The re-squiggle algorithm aligns raw signal (electric current nanopore measurements) to reference genomic or transcriptomic sequence.

One of the major assumptions of the re-squiggle algorithm is that the provided reference sequence is correct. Thus for a poorly assembled reference or divergent sample, an assembly polishing step (possibly from the same data/sample) may improve results.

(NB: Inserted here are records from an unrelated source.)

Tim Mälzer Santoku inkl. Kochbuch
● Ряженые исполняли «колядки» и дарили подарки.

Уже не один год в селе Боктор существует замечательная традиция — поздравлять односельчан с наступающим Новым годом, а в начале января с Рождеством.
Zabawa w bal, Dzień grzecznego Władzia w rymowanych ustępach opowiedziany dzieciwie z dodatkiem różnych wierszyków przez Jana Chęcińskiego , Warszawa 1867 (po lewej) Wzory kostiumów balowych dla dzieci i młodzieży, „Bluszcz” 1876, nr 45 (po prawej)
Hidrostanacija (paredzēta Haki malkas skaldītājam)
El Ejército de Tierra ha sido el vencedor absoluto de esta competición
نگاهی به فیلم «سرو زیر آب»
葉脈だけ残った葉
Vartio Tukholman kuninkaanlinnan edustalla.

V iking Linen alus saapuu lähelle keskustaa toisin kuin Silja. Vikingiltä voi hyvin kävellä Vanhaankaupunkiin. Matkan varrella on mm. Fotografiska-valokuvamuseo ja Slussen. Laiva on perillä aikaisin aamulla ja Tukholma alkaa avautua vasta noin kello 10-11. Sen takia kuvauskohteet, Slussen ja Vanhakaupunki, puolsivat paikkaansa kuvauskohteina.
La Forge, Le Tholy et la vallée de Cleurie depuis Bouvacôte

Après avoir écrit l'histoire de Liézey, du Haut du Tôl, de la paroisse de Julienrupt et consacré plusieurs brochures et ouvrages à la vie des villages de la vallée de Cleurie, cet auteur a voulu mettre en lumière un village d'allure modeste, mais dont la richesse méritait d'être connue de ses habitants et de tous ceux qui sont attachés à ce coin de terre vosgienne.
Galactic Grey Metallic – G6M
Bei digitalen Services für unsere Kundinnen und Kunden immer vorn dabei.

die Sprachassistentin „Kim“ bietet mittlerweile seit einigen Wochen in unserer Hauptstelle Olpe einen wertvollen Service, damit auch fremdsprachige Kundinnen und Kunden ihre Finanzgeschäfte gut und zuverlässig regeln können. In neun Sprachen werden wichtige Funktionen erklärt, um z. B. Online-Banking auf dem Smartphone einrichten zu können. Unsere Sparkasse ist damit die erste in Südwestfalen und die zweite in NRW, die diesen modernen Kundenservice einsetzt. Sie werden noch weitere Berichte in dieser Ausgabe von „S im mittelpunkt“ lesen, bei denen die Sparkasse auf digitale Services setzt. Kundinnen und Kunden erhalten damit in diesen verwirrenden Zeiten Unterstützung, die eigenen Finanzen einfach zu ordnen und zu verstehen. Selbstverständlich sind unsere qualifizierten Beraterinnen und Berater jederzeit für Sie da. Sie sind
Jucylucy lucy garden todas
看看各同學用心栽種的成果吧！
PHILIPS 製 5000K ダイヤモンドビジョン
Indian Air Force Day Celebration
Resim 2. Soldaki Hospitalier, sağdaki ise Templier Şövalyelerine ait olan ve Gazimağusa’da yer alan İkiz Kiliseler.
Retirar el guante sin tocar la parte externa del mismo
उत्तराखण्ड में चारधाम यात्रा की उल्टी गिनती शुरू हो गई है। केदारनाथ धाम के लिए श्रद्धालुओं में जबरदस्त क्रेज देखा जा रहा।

The ``resquiggle`` command will add infomation (the mapped reference location and the raw signal to sequence assignment) to the read files provided (in FAST5 format), as well as producing an index file for more efficient file access in downstream commands.

.. important::

   The ``resquiggle`` command must be run before any further processing by Tombo commands.

**Note**: Tombo currenly includes default canonical models for both DNA or RNA data (supporting R9.4 and R9.5; 1D and 1D^2; R9.*.1 chemistries). Analysis of other nanopore data types is not supported at this time (e.g. R7 data). If DNA or RNA sample type is not explicitly specified (via ``--dna`` or ``--rna`` options) the sample type will be detected automatically from the raw read files.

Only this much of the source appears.